New Edition: Where There Are No Pharmacists

The 2nd edition of Where There Are No Pharmacists is now available from Third World Network (TWN)  in Penang, Malaysia.

Here are the details:
Where There Are No Pharmacists 2nd Edition 2019 
– Developing countries: US$10 (excluding postage); $15 (with postage)
– Developed countries: $15 (excluding postage); $22.50 (with postage)
For orders of 10 copies or more, there can be a discount of 25%.  For really big orders, the price and cost of postage needs to be decided on a case-by-case basis.
Enquiries should be directed to the general TWN address 

About the book
Where there are no trained pharmacists serving communities, other categories of health workers are called upon to order, buy, store, dispense and advise people on rational use of medicines. Where There Are No Pharmacists explains how to order them, store them, prepare them, dispense them and use them safely and effectively –  it is about managing medicines.
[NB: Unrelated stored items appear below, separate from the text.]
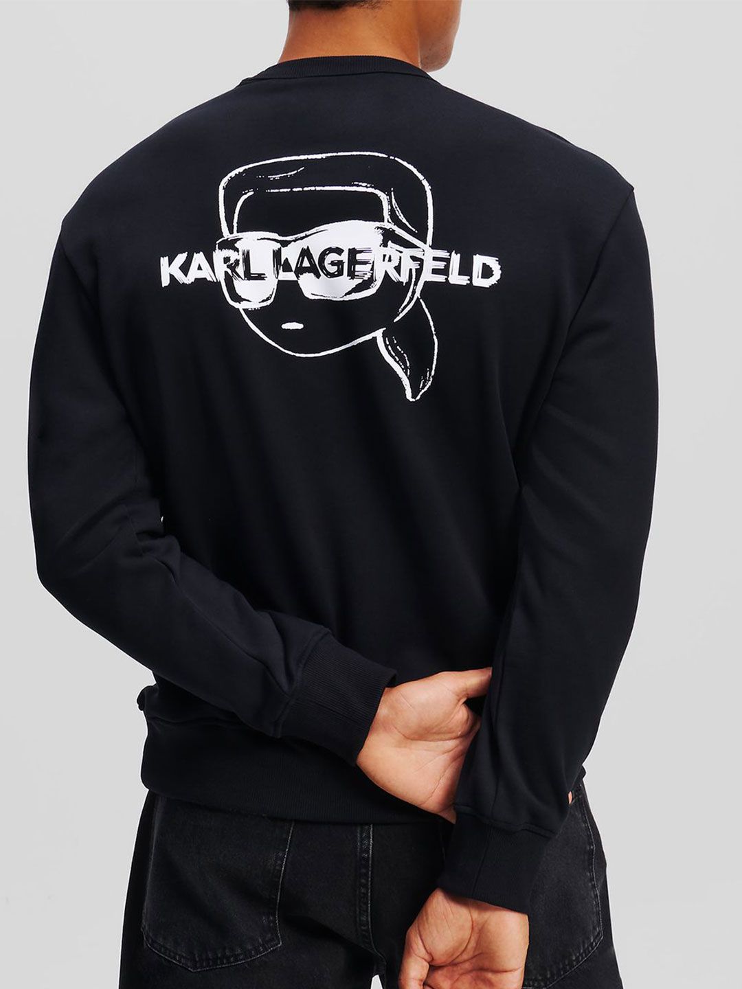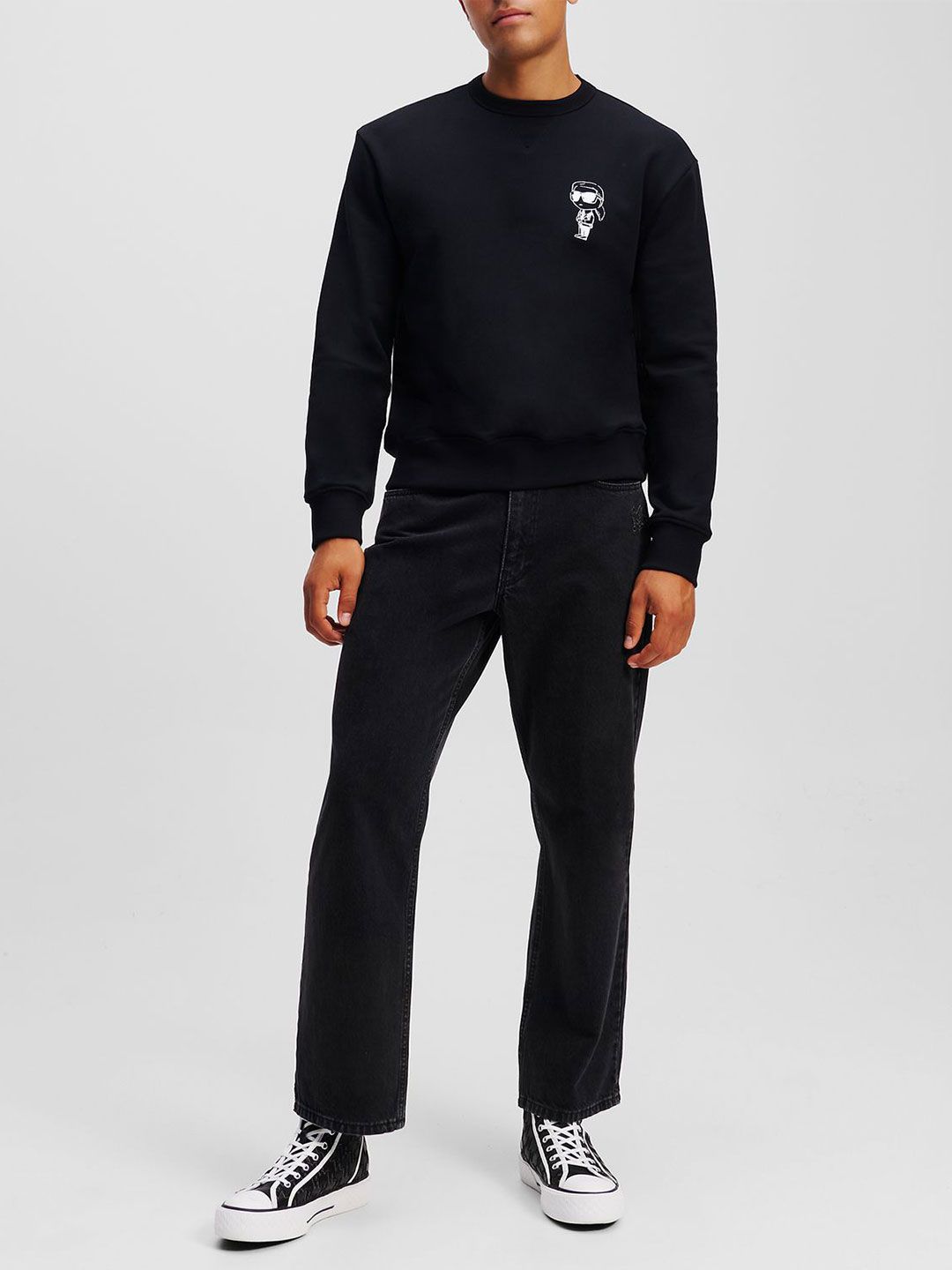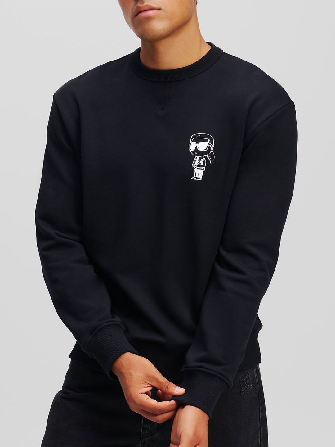 Black solid sweatshirt has a round neck, na pockets, long sleeves, closure, straight hem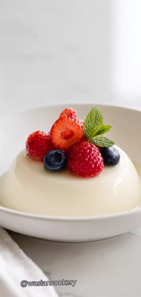 This silky Italian custard is set with gelatin and flavored with vanilla for a simple yet luxurious dessert. It’s incredibly creamy, not too sweet, and can be topped with fresh berries or caramel sauce.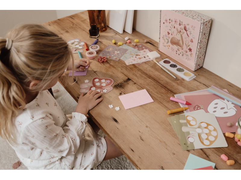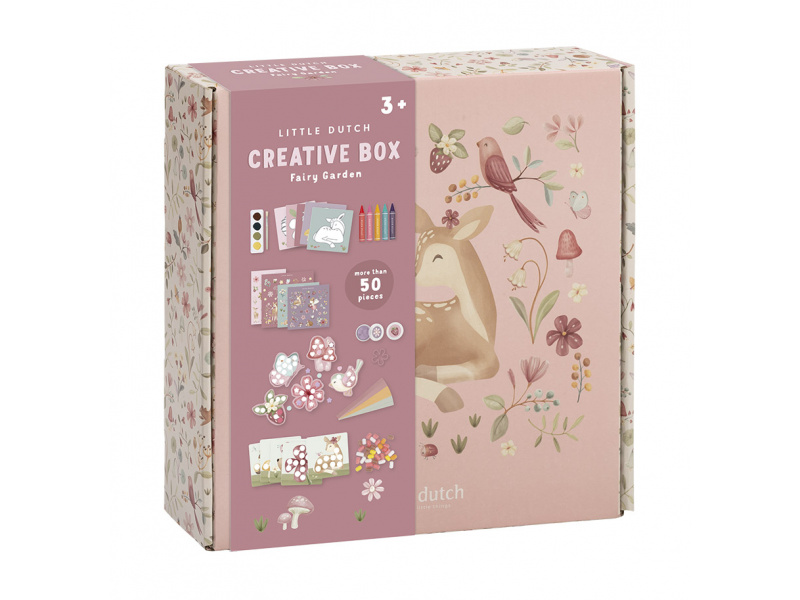Extra velká kreativní sada obsahuje potřeby pro různé druhy výtvarného tvoření včetně pastelek, vodovek, samolepek, modelíny apod. Vše je zabalené v krásném boxu, do kterého vše po skončení hry snadno uklidíte. Kreativní sada vaše děti nejen zabaví, ale pomáhá i rozvíjet jejich jemnou motoriku a stimluje kreativní myšlení. Sada je součástí designové kolekce hraček a doplňků Little Dutch Fairy Garden inspirované životem na zahradě. Rozměry: 24 x 24 x 6 cm Vhodné pro děti od 3 let.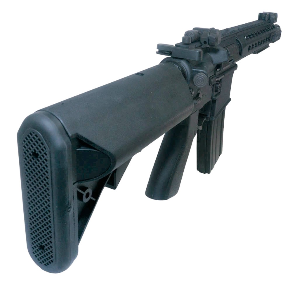 Страйкбольная винтовка М4 оборудована 6-ти позиционным телескопическим прикладом по типу Крейн-сток. Для регулировки необходимо утопить фиксатор в теле приклада. У основания трубы приклада имеется двухсторонняя стальная антабка, позволяющая установить оружейный ремень как под правую, так и под левую руку. Также, на самом прикладе имеются две щелевые антабки, позволяющие продеть оружейный ремень.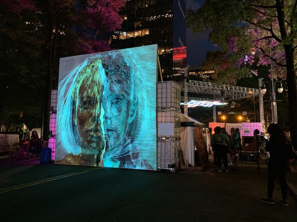 Step into the future with “STARGATE,” an innovative projection sculpture by Jay Tettamanti the creative mind behind Chalk River Labs. Featuring a 12ft square encompassing a circular ring, ingeniously designed to usher viewers on an awe-inspiring journey through the cosmos. This sculptural marvel employs projection mapping to wrap the entire structure with mesmerizing visuals that can be appreciated from any vantage point. Viewers are encouraged to climb into the central ring, serving as both a meditative space and a source of breathtaking photo opportunities, creating interaction and shared experiences. Hypnotic visuals seamlessly meld with a contemplative soundtrack, creating an otherworldly portal where the audience is transported to the realm of the stars.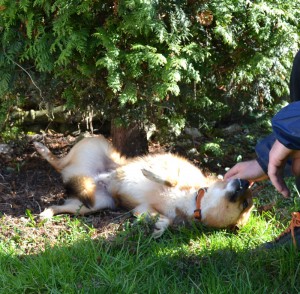 Auch ist er der große Streitschlichter unter den Hunden. Es gibt ein paar Rüden, die furchtbar bellen, wenn sie sich sehen, und Lupo steht dazwischen und sagt nichts. So, dass seine Freunde auch keine rechte Freude mehr daran haben. Er kann einfach alle gut leiden und es ist interessant, ihn zu beobachten.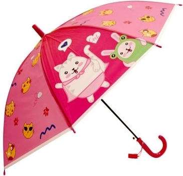 Na izbor je više motiva – slatke mačke, veseli žapci, šareni dinosauri ili polarne životinje. Svaka varijanta ima u bojama usklađenu zakrivljenu dršku za siguran i udoban prihvat. Izdržljiva konstrukcija krošnje pouzdano štiti od kiše i pretvara sivo vrijeme u zabavu.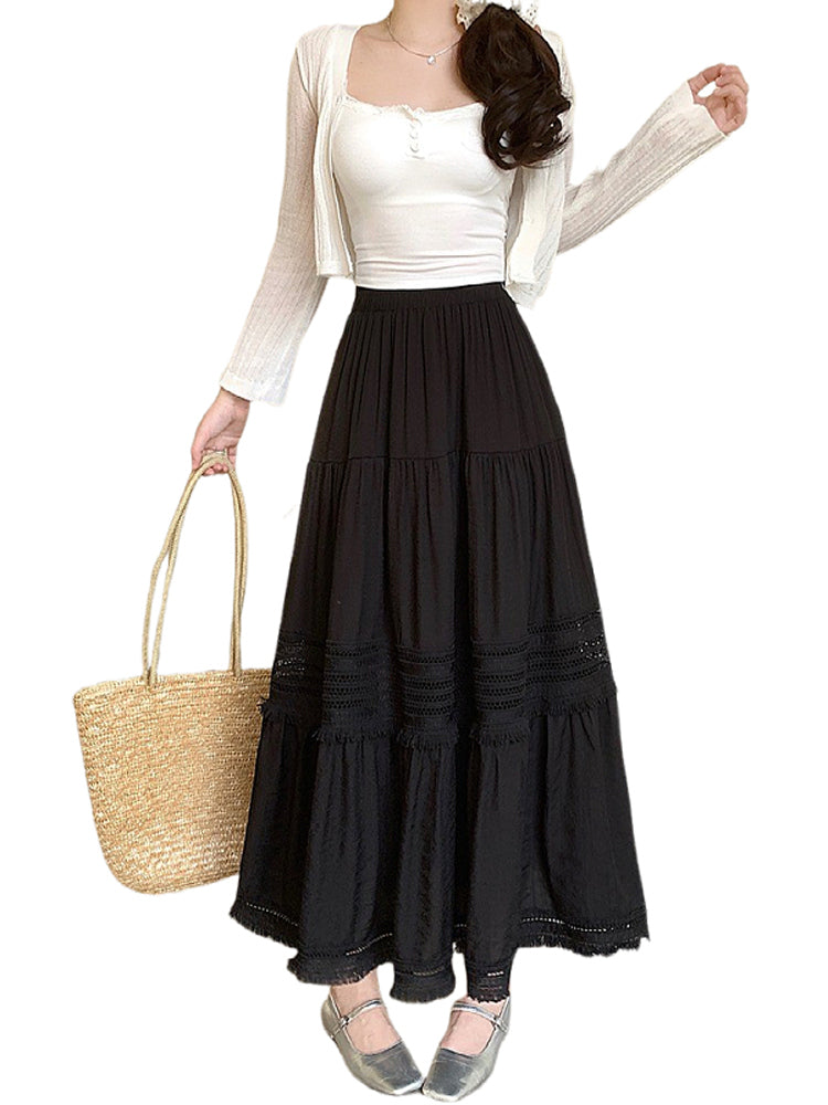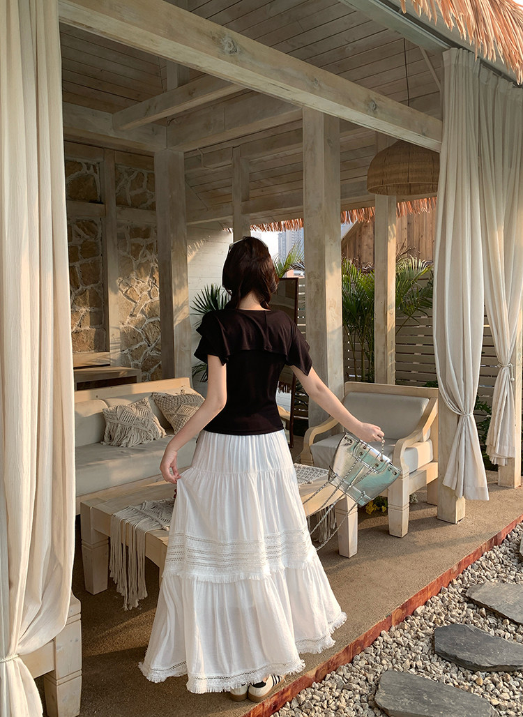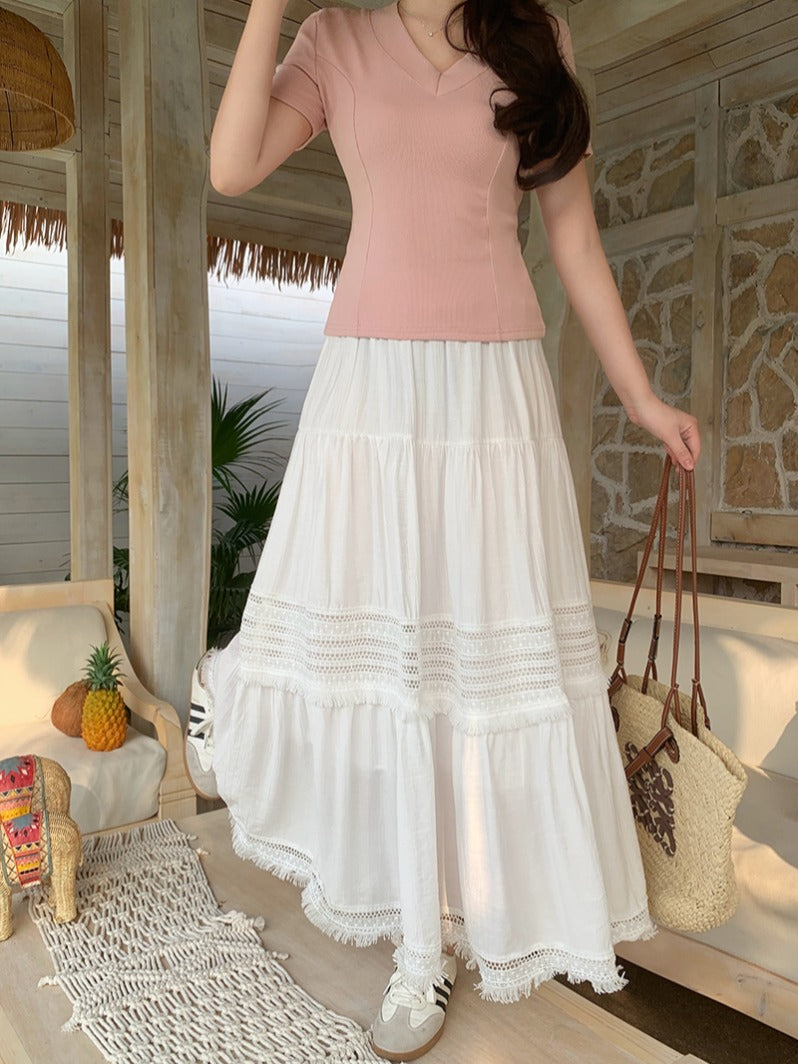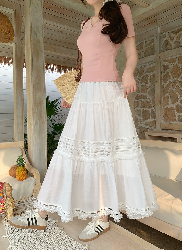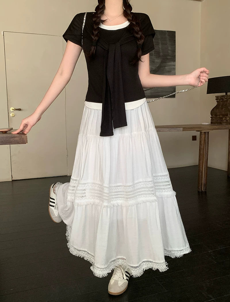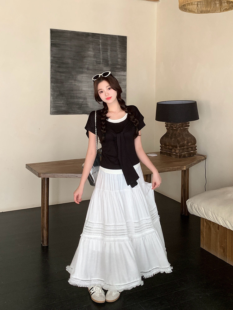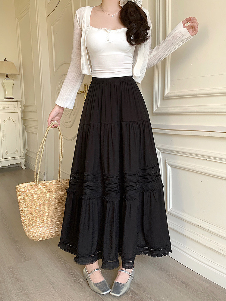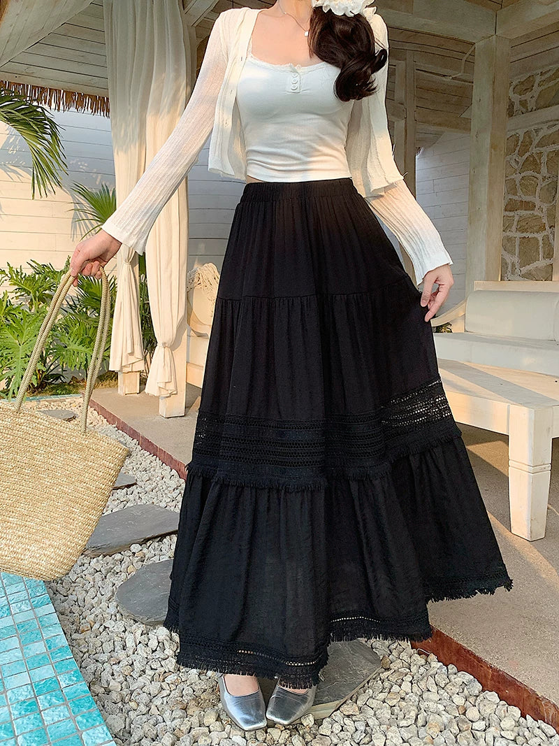 Artıq ölçülü qadınlar üçün yüksək belli, püsküllü A-xəttli ətək, yeni yay stili, artıq ölçülü qadınlar üçün gözəl və arıqladıcıdır.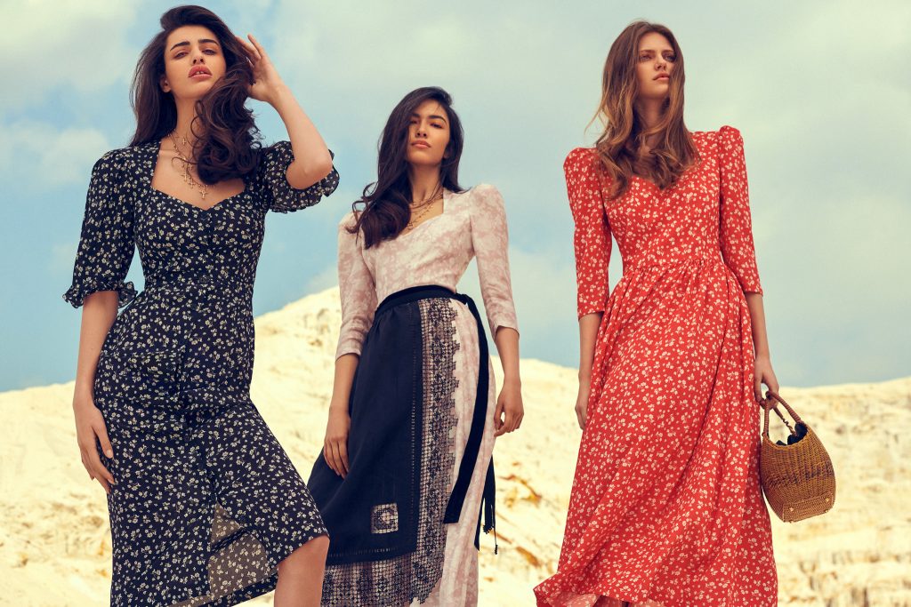 Цветовая палитра: классические черный, белый и бежевый цвета разбавляют летние зеленый, голубой и красный. Изделия украшают авторские цветочные принты.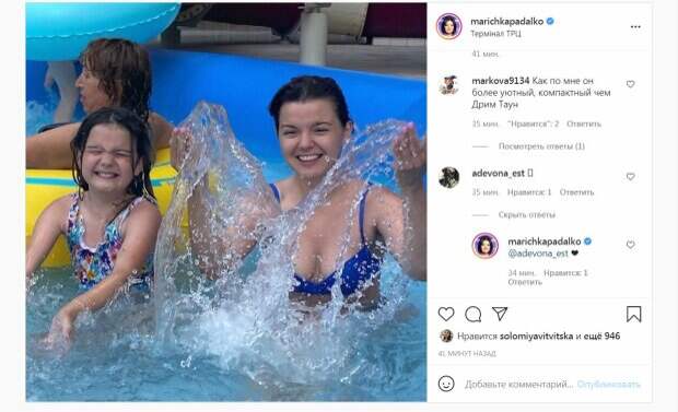 В частности, Маричка опубликовала фото с дочерью в аквапарке. Ведущая блеснула фигурой в купальнике, брызгаясь голубой водой. В посте Падалко поделилась отзывом о месте отдыха, где побывала. По словам звезды, ее детям очень понравилось в аквапарке и они бегали на горки "В общем, я бы поставила аквапарка 7 из 10. Бал бы точно сняла за ужасную русскую музыку в районе бара, которую, к счастью, почти не слышно из-за шума горок и воды. В общем, если давно не были в таких местах, то «заходит» хорошо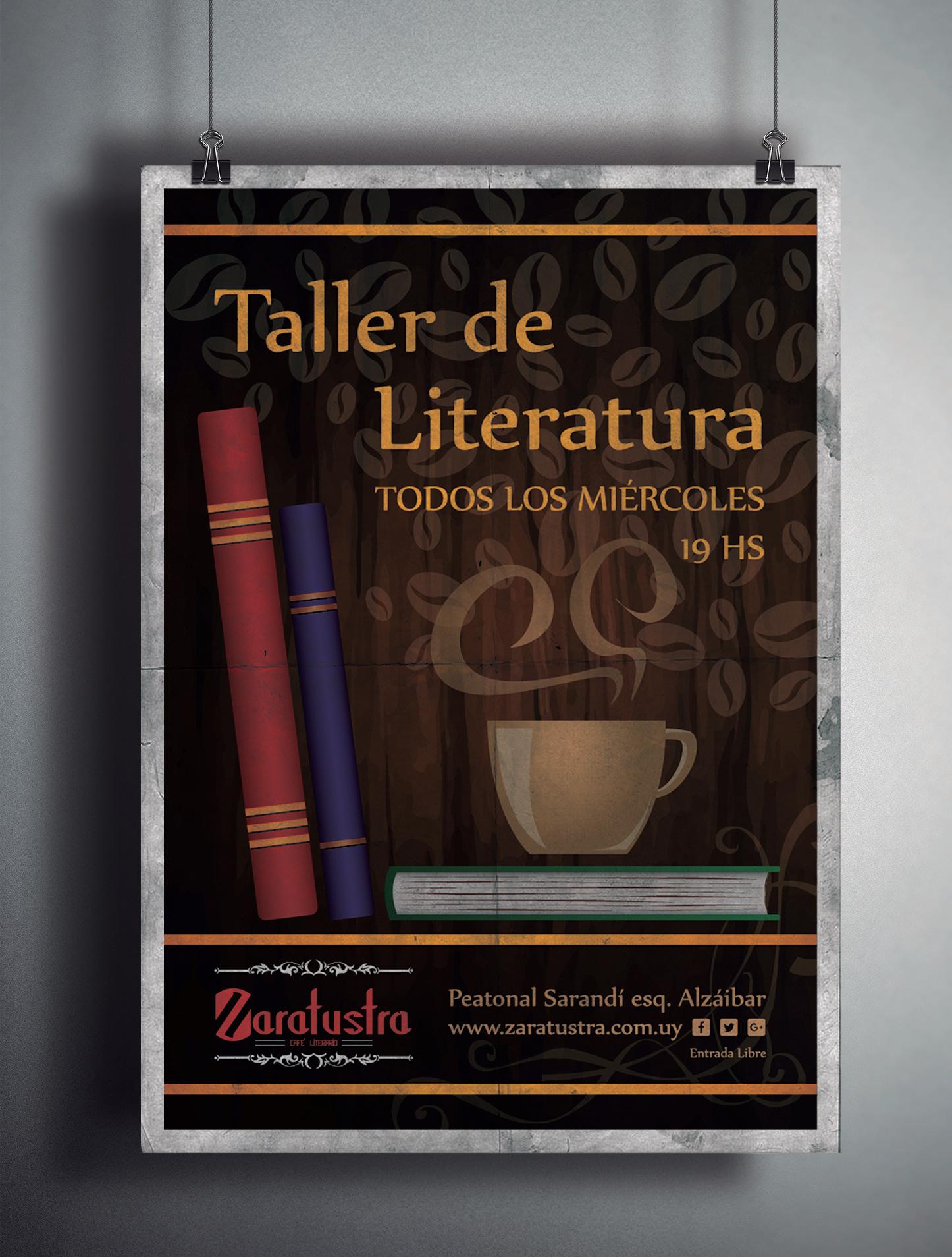 Se utilizó un estilo de ilustración con un fondo que parece pintado a pinceladas, para remarcar ese estilo vintage, artesanal y de calidad que representa al café literario.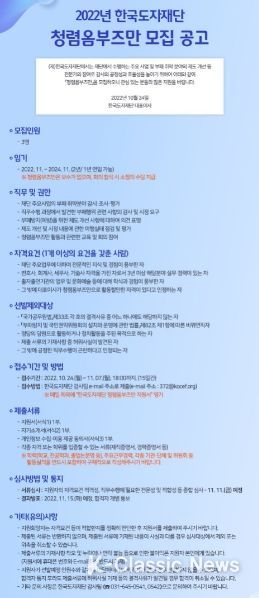 심사는 재단 내부 서류 심사로 진행되며 직무수행에 필요한 전문성과 적합성 등을 평가해 합격자를 선정한다.

Information to help communities benefit from the use of medicines is also included.
This book walks readers through each step, covering topics ranging from policy issues to patient education.  It provides guidance for anyone who is doing the work of a pharmacist; anyone who sells, dispenses, prepares, manages, or explains to others how to use medicines.
Where There Are No Pharmacists covers:

  • The concept of National Medicines Policies
  • Principles of selection: Therapeutics Committees, Treatment Guidelines, Standard Medicines Lists
  • Procurement, stock management and supply: sources and prices, quantification, quality issues, storage and stock control
  • The process of dispensing, and dispensing according to treatment guidelines
  • Rational Use of Medicines
  • Integrating vertical programs like IMCI, STI and HIV programs, Reproductive Health
  • Explaining to patients and communities the role of medicines and how to use medicines safely
  • For communities: Where There Are No Pharmacists contains information to help communities benefit from the use of medicines. It does not provide clinical advice but emphasizes the need to adhere to national standard treatment guidelines or, in their absence, toappropriate texts and guidelines. Whole communities can be empowered through empowering health workers.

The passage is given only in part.